1. 「給付付き税額控除」の基本!「税額控除」と「現金給付」を組み合わせた仕組みとは
給付付き税額控除は、所得税から決まった額を引く「税額控除」と、それでも控除しきれない分を現金で支給する「給付」を組み合わせた制度です。
この制度の大きな特徴は、納税額が少ない方や非課税の方ほど、現金給付という形で手厚い恩恵を受けられる点です。
この仕組みによって、従来の減税策では支援が届きにくかった層にも、確実に行き渡らせることが可能になります。
所得の水準に応じて、支援の形は主に以下の3つのパターンに分けられます。
※現段階で控除額は決定していません。
1.1 【所得層別】控除額10万円ならどう変わる?3つの具体例でシミュレーション
パターン1:中・高所得層の場合
所得税の納税額が、設定された控除額を超える層が該当します。
- 所得税の納税額:30万円(控除額10万円を超えるケース)
- 適用内容:控除額である10万円の全額が、納税額から直接差し引かれます(税額控除)。
- メリット:実際の納税額は20万円まで減額され、税の負担が軽減されます。
パターン2:低所得層の場合
所得税の納税額が、設定された控除額に届かない層が対象です。
- 所得税の納税額:8万円(控除額10万円に満たないケース)
- 適用内容:まず納税額8万円分が減税されて納税が不要になります。
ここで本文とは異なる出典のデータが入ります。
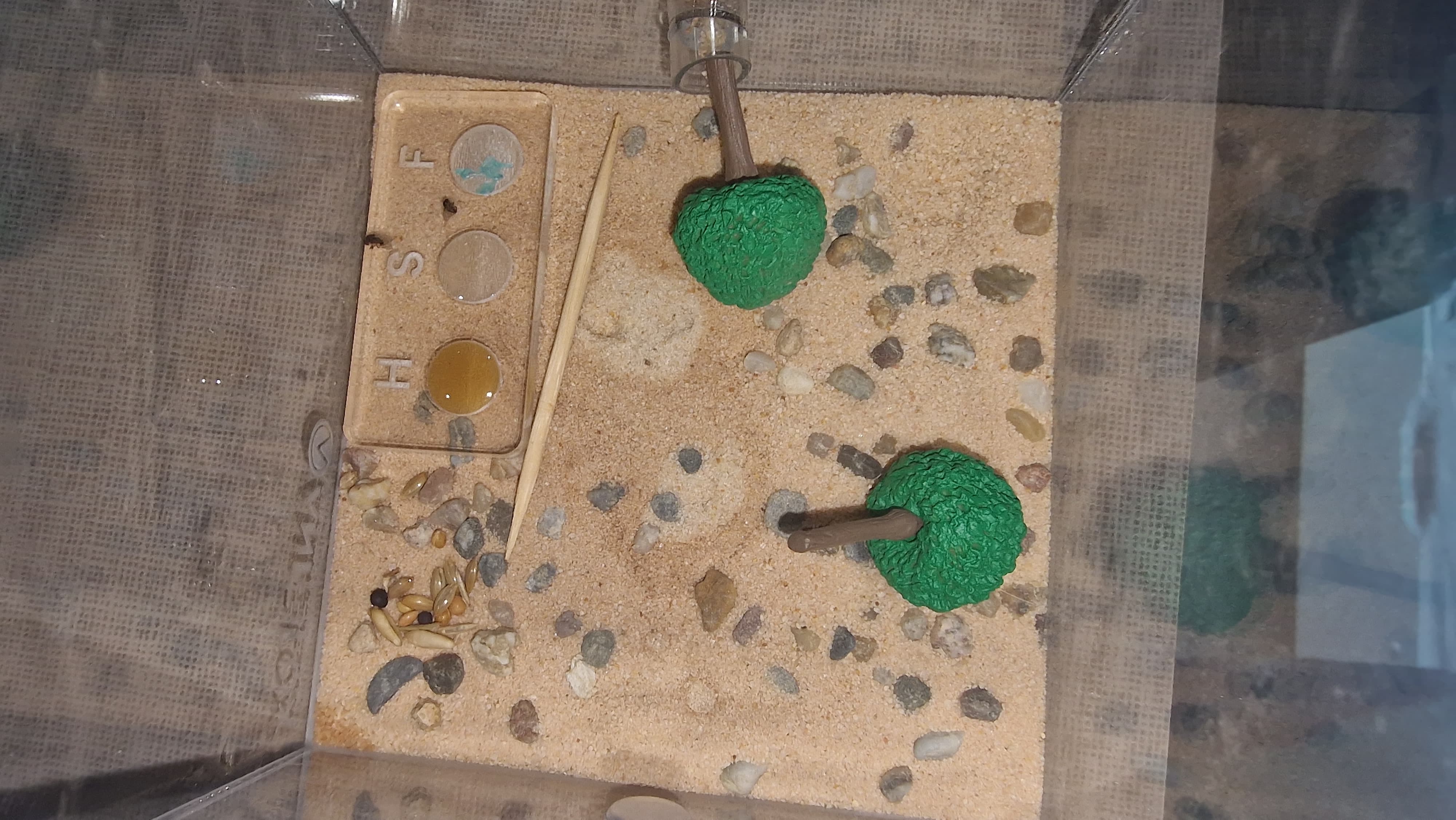 Es waren 3 Ameisen in der Arena und das blieb denn ganzen Tag so unverändert bis es mir komisch vorkam und ich ein Deko teil als eine neue "Brücke" dahin gestellt habe.

その上で、控除しきれなかった差額の2万円は現金で給付されます。
- メリット:所得税の支払いがなくなることに加え、2万円の現金を直接受け取ることが可能です。
パターン3:非課税世帯の場合
所得が基準額に達しておらず、所得税の納税義務がない世帯が対象となります。
- 所得税の納税額:0円のケース
- 適用内容:所得税を納めていないため税額控除は適用されず、控除額の10万円が全額現金で給付されます。
- メリット:これまでの減税措置では恩恵を受けられなかった世帯にも、直接的な経済支援が届くようになります。
※2026年3月時点では、控除額などの詳細は未定です。